Calliope begins sprinting after John and Roxy but doesn’t make it two steps before something stops her in her tracks. A feeling that crawls under her exoskeleton. She stands deathly still for a moment, and then turns to face the coffin. Something about the corpse has transfixed her. She curls her fingers around the rim of the casket and leans in, studying teen-Jade’s peaceful face.
Suddenly, the corpse bolts upright. Calliope yelps and falls on her butt. Adult-Jade screams.
JADE: AHHHHHHHHHHHH!!!
JAKE: By jove!
DAVE: jesus fuck
Hair veiling her face, teen-Jade sets her hands on her chest and dissolves the shard bisecting her ribcage. The wound does not heal, but it doesn’t bleed either.
CALLIOPE: jade! yoU...
CALLIOPE: yoU’re alive!
CALLIOPE: or, Um,
CALLIOPE: yoU’re not dead!
It takes the corpse a while to reply. Everyone waits for her to speak. When the words leave her mouth, they send a chill through the cathedral air.
Slowly, Jade raises her head. The stage makeup Roxy applied earlier is running down her face in dark rivers. Her eyes are solid black. Even more than black, it seems. They are hollows penetrating deep into a field of absence so profound, it’s hard to imagine a single photon has ever crossed through its infinite expanse. Meeting her gaze is like peering into a realm where light goes to die. Calliope finds the sensation disturbingly familiar.
CALLIOPE: then who...
CALLIOPE: who are yoU?
JADE: you know who i am, calliope.
JADE: we met once, years ago.
JADE: you were dead, and so was i.
Calliope now understands exactly who is speaking to her. She tenses up, scuttles backward, and begins tumbling down the stairs into the aisle. She starts running before she’s even up on both feet, clawing the carpet ragged in her desperation to escape the cathedral. The congregation watches her go, but no one moves to help her, or even looks in her direction. In her wake, she leaves a primal, echoing wail. The door closes thunderously behind her. Her scream can be heard beyond the doors, growing quieter as she recedes into the distance.

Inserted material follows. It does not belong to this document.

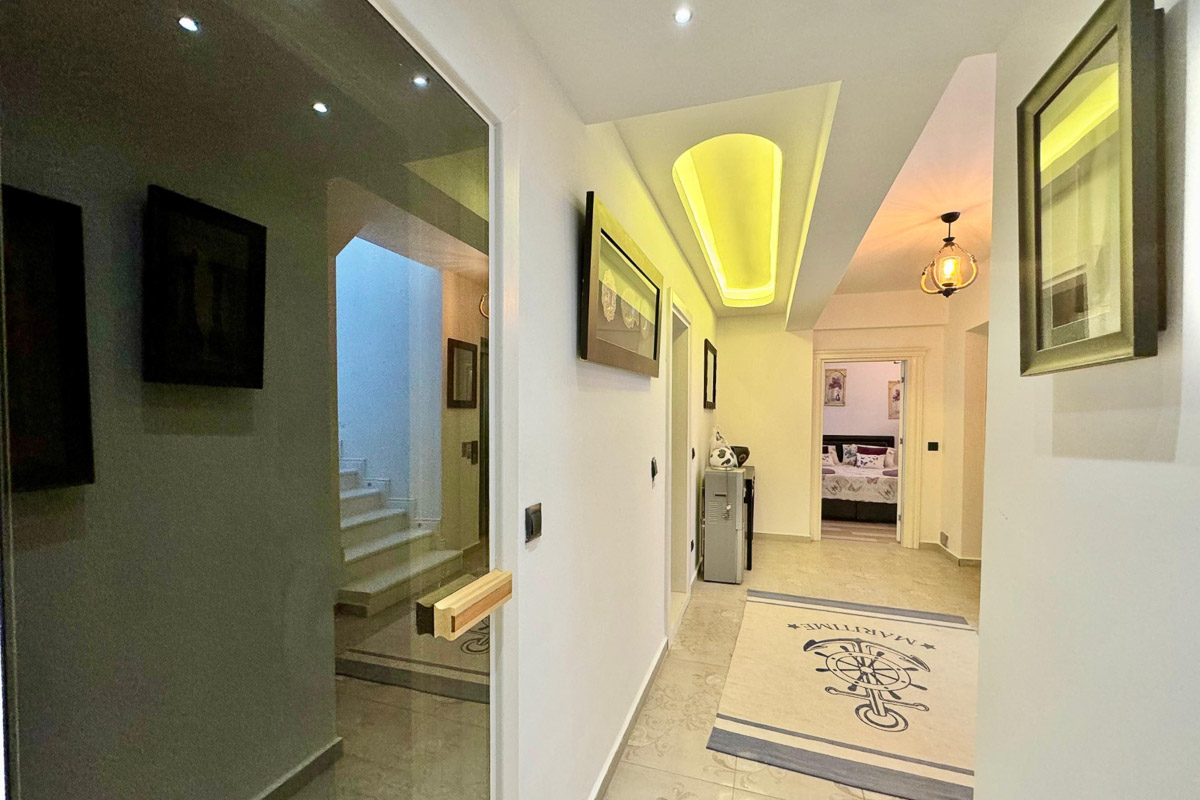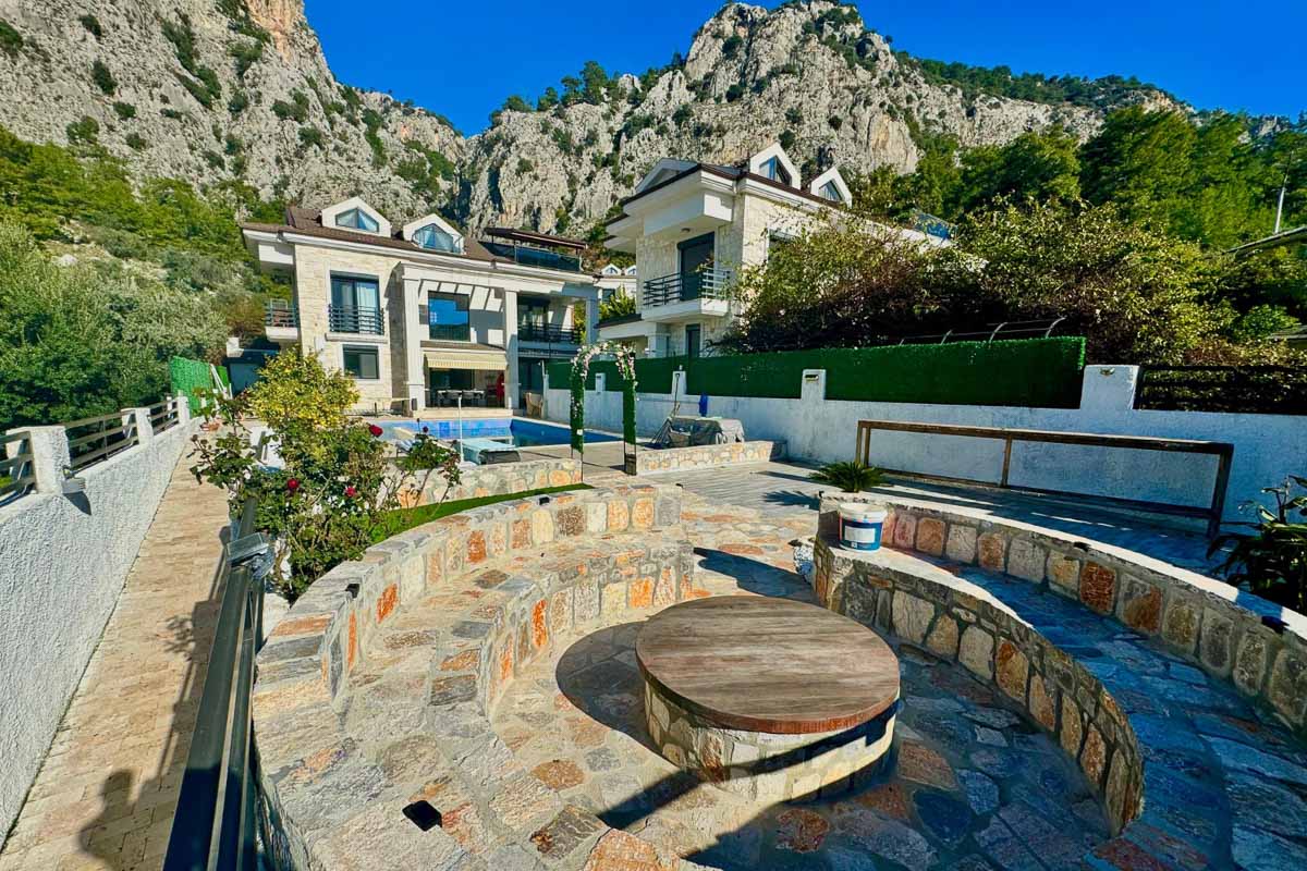 Bahçede ağaçların arasında konumlanan ateş çukuru, akşam saatlerinde manzaraya karşı keyifli vakit geçirmek için farklı bir alan sunuyor. İç mekânda yer alan şömine, sauna ve hamam detaylarıyla birlikte ev yılın her döneminde konforlu bir kullanım sağlıyor. Göcek’te doğayla iç içe, müstakil havuzlu ve lüks donanımlı bir yaşam arayanlar için öne çıkan seçeneklerden biri.

Kanaya adjusts the buttons on her very fashionable mourning gloves and sighs.
KANAYA: This Certainly Is A Turn Of Events
ARADIA: ill say
ARADIA: at first i was underwhelmed with the proceedings i have to admit
ARADIA: but that was quite the twist
ARADIA: this may be one of the best death related celebrations ive ever seen :)

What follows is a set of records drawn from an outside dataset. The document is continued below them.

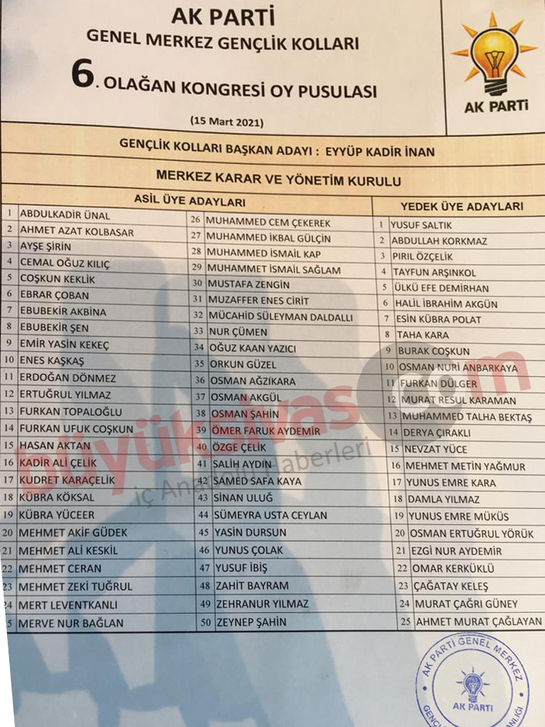 Dün gerçekleşen AK Parti Genel Merkez Gençlik Kolları 6.Olağan Kongresi’nde Cumhurbaşkanı Recep Tayyip Erdoğan’ın ve Genel Merkez Gençlik Kolları yeni Başkanı Eyüp Kadir İnan’ın tensipleriyle Sivaslı Nevzat Yüce, AK Parti Genel Merkez Gençlik Kolları MKYK üyeliğine seçildi.
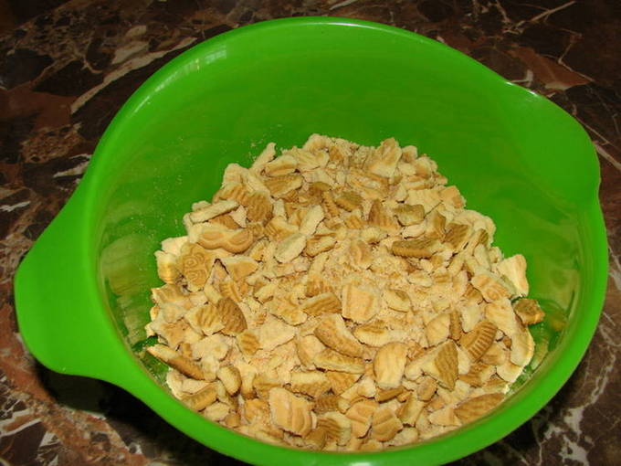 - We breken de koekjes in kleine plakjes, maar brengen ze niet in de staat van kruimels.
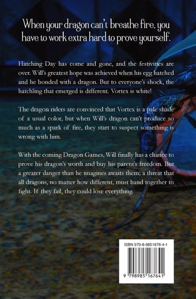 When your dragon can't breathe fire, you have to work extra hard to prove yourself. Hatching Day has come and gone, and the festivities are over. Will's greatest hope was achieved when his egg hatched and he bonded with a dragon. But to everyone's shock, the hatchling that emerged is different. Vortex is white! The dragon riders are convinced that Vortex is a pale shade of a usual color, but when Will's dragon can't produce so much as a spark of fire, they start to suspect something is wrong with him. With the coming Dragon Games, Will finally has a chance to prove his dragon's worth and buy his parent's freedom. But a greater danger than he imagines awaits them; a threat that all dragons, no matter how different, must band together to fight. If they fail, they could lose everything.
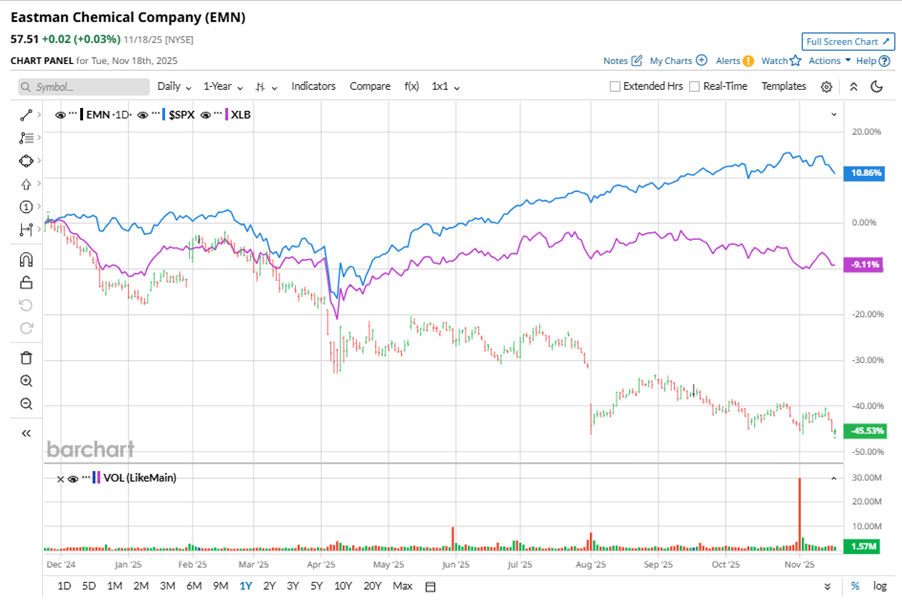 Shares of this specialty chemicals giant have considerably underperformed the broader market over the past year. EMN has declined 44.7% over this time frame, while the broader S&P 500 Index ($SPX) has rallied nearly 12.3%. In 2025, EMN’s stock fell 37%, compared to the SPX’s 12.5% rise on a YTD basis.

SOLLUX: t0p five at least.
Teen-Jade floats out of her coffin with measured grace. Adult-Jade shudders as her reanimated duplicate passes by. She slides back into Kanaya’s comforting arms and hides her face in the crook of her neck. Teen-Jade directs her pitch-black eyes toward the arched marble ceiling, and gazes skyward with a sort of intensity and purpose nobody in this crowd has seen in years. It’s as if her glare is passing through the roof of the church and continuing unimpeded through the partitions of this very plane of reality itself.

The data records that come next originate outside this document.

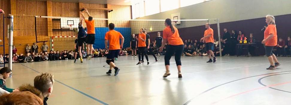Abschließend traten traditionell die Lehrer gegen die Schülerauswahl Klasse 10 an. Dabei sahen alle anderen Klassen zu und feuerten kräftig an. „Das gibt ein gutes Gefühl“, beschreibt Kerstin Voß den Zusammenhalt in der Schule.
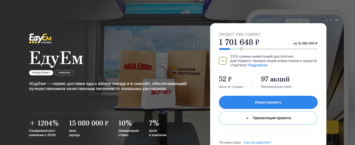 Описание ЕдуЕм гласит - единственный сервис доставки еды в поезда и самолёты, официально работающий и интегрированный с ЖД-станциями и 6 аэропортами. Всё это решает проблему ограниченного выбора питания в путешествиях, предлагая заказать любую еду за 2 минуты через приложение.
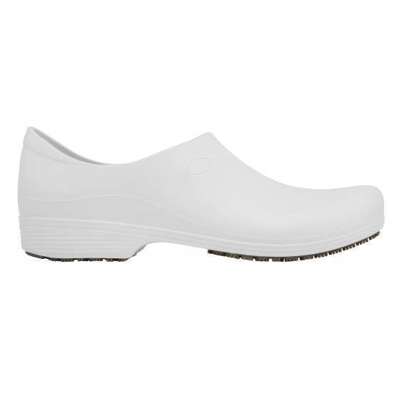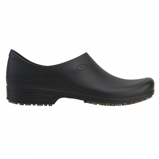 Calçado ocupacional (OB), classe II, modelo masculino, calçado baixo, cabedal polimérico.  Solado de borracha na cor bege, resistente ao escorregamento em piso de cerâmica contaminado com detergente e em piso de aço contaminado com óleo (SRC). Calçado inteiro impermeável a água (WR). Com absorção de energia na área do salto (E). Possui palmilha interna removível.

JADE: you’re undoubtedly surprised.
JADE: but these events were not unpredictable at all.
JADE: this is exactly what i have been expecting to happen.
She spreads her arms and speaks in a voice as deep and dark as the void.
JADE: and while i cannot say the same thing for the rest of you,
JADE: i, at least, am exactly where i am meant to be.
Jake meekly raises his hand, now treating the botched funeral as something closer to a classroom setting.
JAKE: Hey uh.
JAKE: Not to come off as a total idiot here but...
JAKE: Who were you supposed to be again?
She directs the powerful vacuum of her hollow glare towards the total idiot. She regards him for a moment, radiating a sense of disdain for what may very well be the greatest living source of ignorance she has ever encountered in her many eons of existence.
JADE: my name is calliope.
JADE: i am the muse of space.
JADE: and i have entered this body to protect your world.